En octobre 2021, 3 entrevues virtuelles de groupe d’une durée de 45 minutes ont été conduites sur Zoom. Quatre personnes ont participé à la première entrevue tandis que la seconde et la troisième ont regroupé deux personnes chacune. Le protocole d’entrevue semi-dirigée comprenait huit questions ouvertes destinées à mieux comprendre le vécu en lien avec la réflexion ou la décision d’abandonner la profession. Un enregistrement audio a été effectué dans Zoom pour chacune des entrevues. Une transcription sous forme de verbatim anonyme et codifié a ensuite été réalisée. En cohérence avec les principes de la recherche narrative, les entrevues de groupe avaient l’allure d’une conversation informelle entre l’équipe de recherche et les personnes présentes. C’est la chercheuse principale qui avait le rôle de conduire les entrevues.

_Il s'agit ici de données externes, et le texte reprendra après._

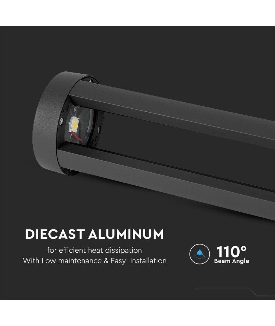 De zwarte behuizing met elegant design heeft afmetingen van 800 x 108 x 148 mm, waardoor het een subtiele maar opvallende toevoeging is aan elke omgeving. De robuustheid van de lamp wordt benadrukt door de IP65-classificatie, wat betekent dat hij geschikt is voor buitengebruik en bestand is tegen waterdruppels en regen.
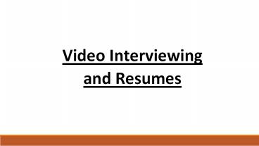 Video Interviewing and Resumes PowerPoint PPT Presentation

Pour accompagner cette conversation, un facilitateur graphique était présent à chacune des entrevues afin de créer, en temps réel, une synthèse visuelle des propos recueillis pour aider les personnes présentes à organiser, puis à compléter leurs propos (voir Figure 1). Après chacune des entrevues, les synthèses visuelles ont été partagées par courriel avec les personnes participantes, invitées à formuler une rétroaction par écrit. Cette rétroaction a permis à l’équipe de recherche de préciser les propos recueillis. Ces rétroactions écrites, de l’ordre de 4 témoignages d’en moyenne 600 mots, ont été ajoutées aux données recueillies lors des entrevues comme témoignage écrit.

Figure 1

Pourquoi décrocher? Synthèse visuelle des entrevues de groupe auprès du personnel enseignant en contexte francominoritaire qui songent à quitter ou qui ont quitté la profession (Desmarais et al., 2021; françoiscliche.com)

Pourquoi décrocher? Synthèse visuelle des entrevues de groupe auprès du personnel enseignant en contexte francominoritaire qui songent à quitter ou qui ont quitté la profession (Desmarais et al., 2021; françoiscliche.com)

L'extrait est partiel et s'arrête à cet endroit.